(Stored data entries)
•••••

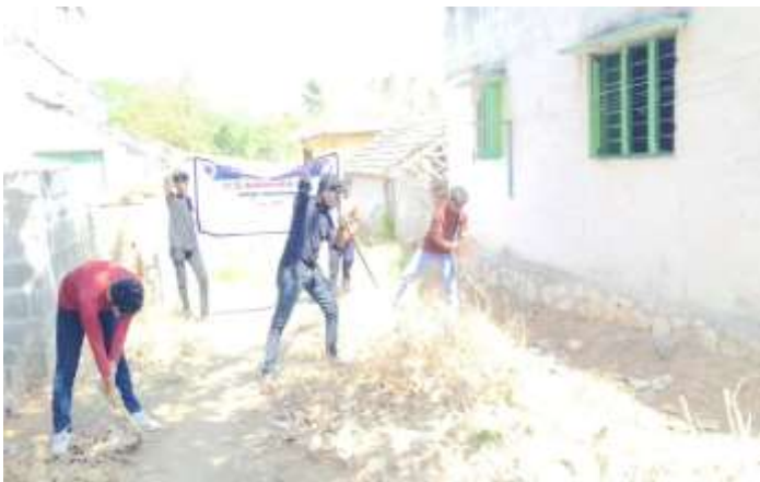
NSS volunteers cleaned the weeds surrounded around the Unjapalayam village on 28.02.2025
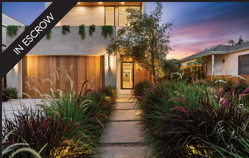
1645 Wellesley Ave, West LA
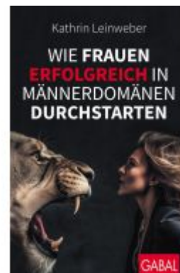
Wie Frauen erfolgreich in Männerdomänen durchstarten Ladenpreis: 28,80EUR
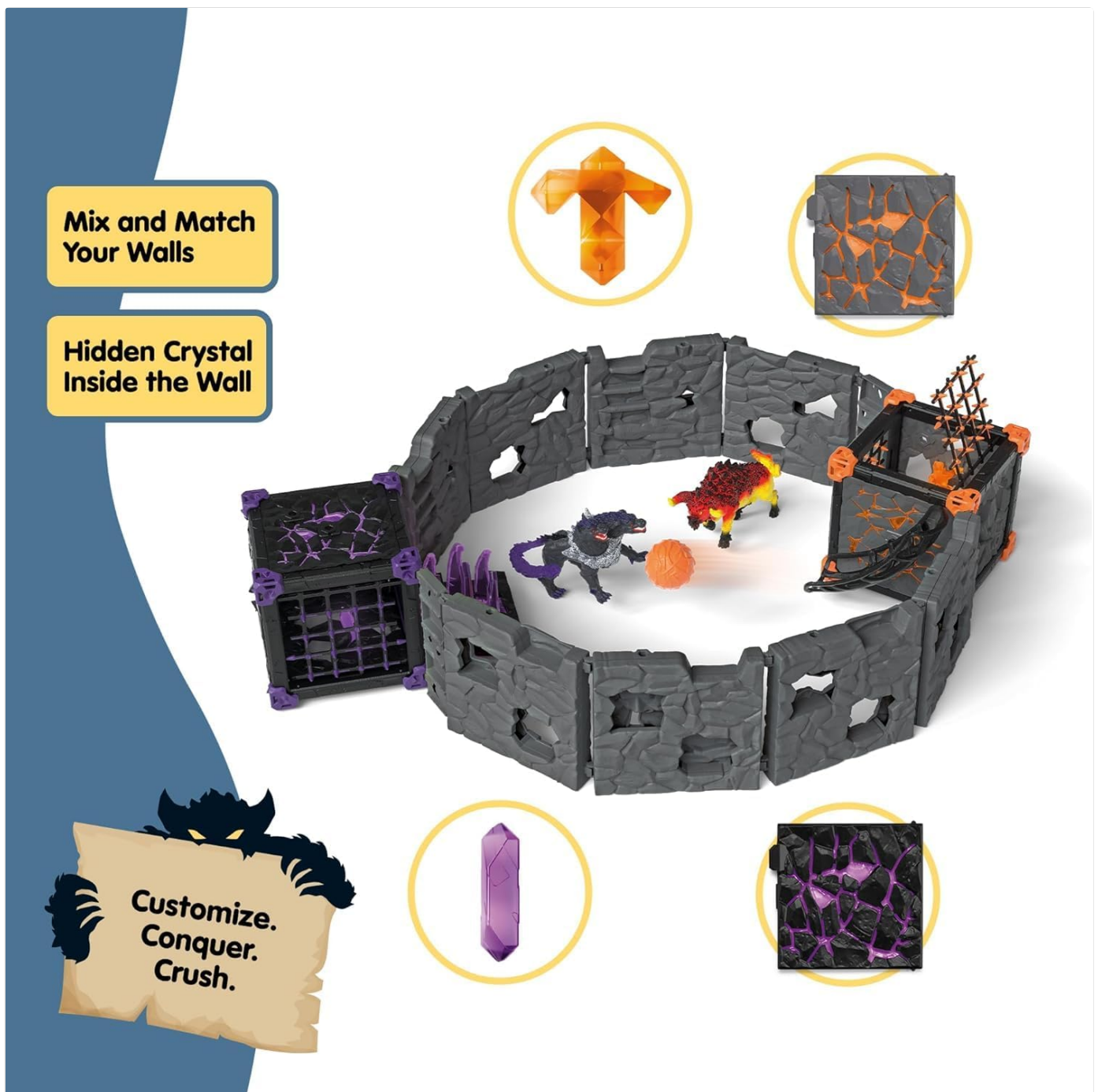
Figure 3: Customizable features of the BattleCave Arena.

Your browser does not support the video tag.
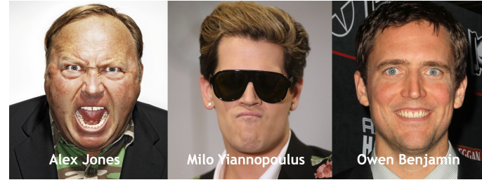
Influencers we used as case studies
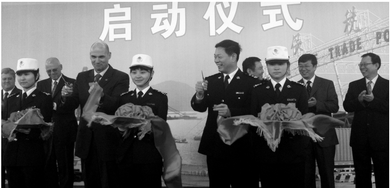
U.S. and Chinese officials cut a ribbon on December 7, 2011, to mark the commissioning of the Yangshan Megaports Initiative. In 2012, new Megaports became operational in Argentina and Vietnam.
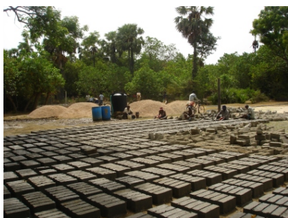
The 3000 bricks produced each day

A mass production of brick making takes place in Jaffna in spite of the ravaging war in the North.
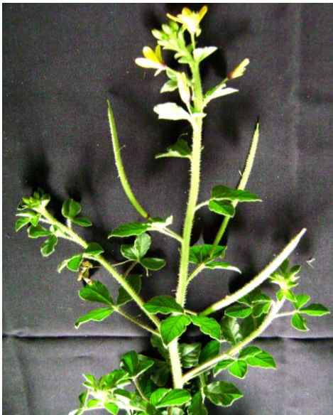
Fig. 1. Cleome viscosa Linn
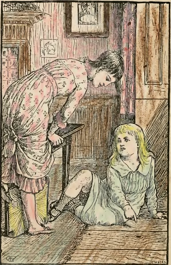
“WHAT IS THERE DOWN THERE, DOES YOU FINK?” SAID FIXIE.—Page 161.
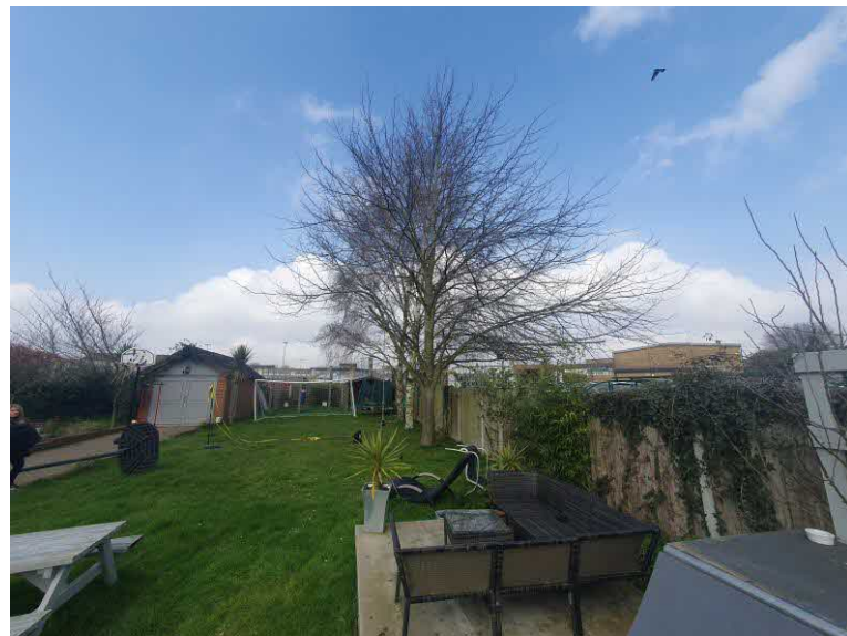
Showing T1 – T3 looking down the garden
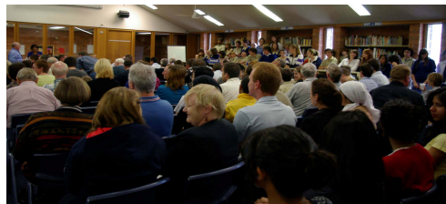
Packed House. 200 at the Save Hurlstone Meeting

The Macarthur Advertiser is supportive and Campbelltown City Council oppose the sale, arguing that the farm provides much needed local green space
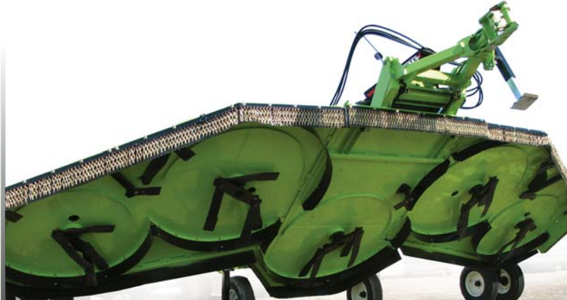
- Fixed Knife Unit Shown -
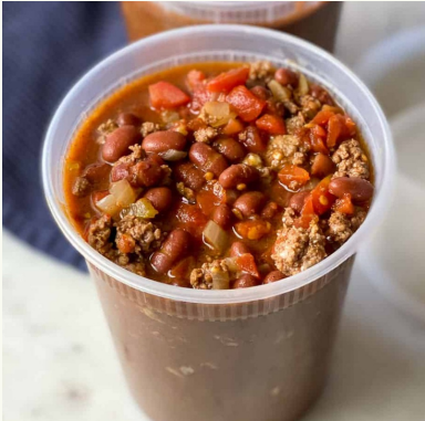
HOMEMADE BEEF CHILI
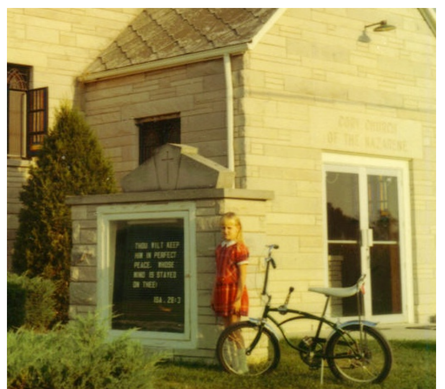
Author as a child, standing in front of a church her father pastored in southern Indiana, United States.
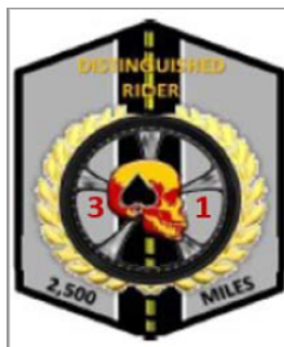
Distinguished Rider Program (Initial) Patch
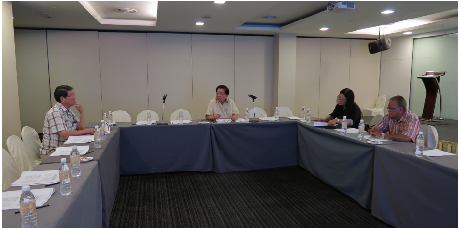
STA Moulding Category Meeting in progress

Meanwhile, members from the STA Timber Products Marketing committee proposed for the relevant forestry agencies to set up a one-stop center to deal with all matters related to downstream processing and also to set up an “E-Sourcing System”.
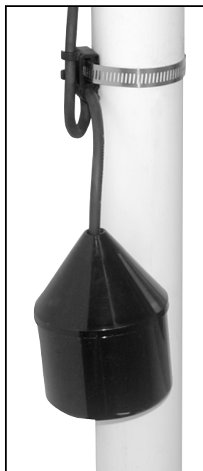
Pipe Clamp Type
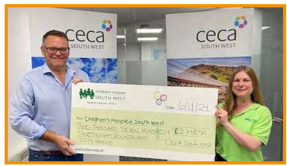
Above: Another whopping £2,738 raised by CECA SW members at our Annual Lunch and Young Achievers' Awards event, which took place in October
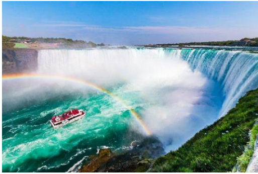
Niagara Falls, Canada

•••••

> _WHAT NEEDS TO BE DONE_:
Could you reproduce every record above exactly, leaving out any pictures?

> _TASK SOLUTION_:
NSS volunteers cleaned the weeds surrounded around the Unjapalayam village on 28.02.2025
1645 Wellesley Ave, West LA
Wie Frauen erfolgreich in Männerdomänen durchstarten Ladenpreis: 28,80EUR
Figure 3: Customizable features of the BattleCave Arena.

Your browser does not support the video tag.
Influencers we used as case studies
U.S. and Chinese officials cut a ribbon on December 7, 2011, to mark the commissioning of the Yangshan Megaports Initiative. In 2012, new Megaports became operational in Argentina and Vietnam.
The 3000 bricks produced each day

A mass production of brick making takes place in Jaffna in spite of the ravaging war in the North.
Fig. 1. Cleome viscosa Linn
“WHAT IS THERE DOWN THERE, DOES YOU FINK?” SAID FIXIE.—Page 161.
Showing T1 – T3 looking down the garden
Packed House. 200 at the Save Hurlstone Meeting

The Macarthur Advertiser is supportive and Campbelltown City Council oppose the sale, arguing that the farm provides much needed local green space
- Fixed Knife Unit Shown -
HOMEMADE BEEF CHILI
Author as a child, standing in front of a church her father pastored in southern Indiana, United States.
Distinguished Rider Program (Initial) Patch
STA Moulding Category Meeting in progress

Meanwhile, members from the STA Timber Products Marketing committee proposed for the relevant forestry agencies to set up a one-stop center to deal with all matters related to downstream processing and also to set up an “E-Sourcing System”.
Pipe Clamp Type
Above: Another whopping £2,738 raised by CECA SW members at our Annual Lunch and Young Achievers' Awards event, which took place in October
Niagara Falls, Canada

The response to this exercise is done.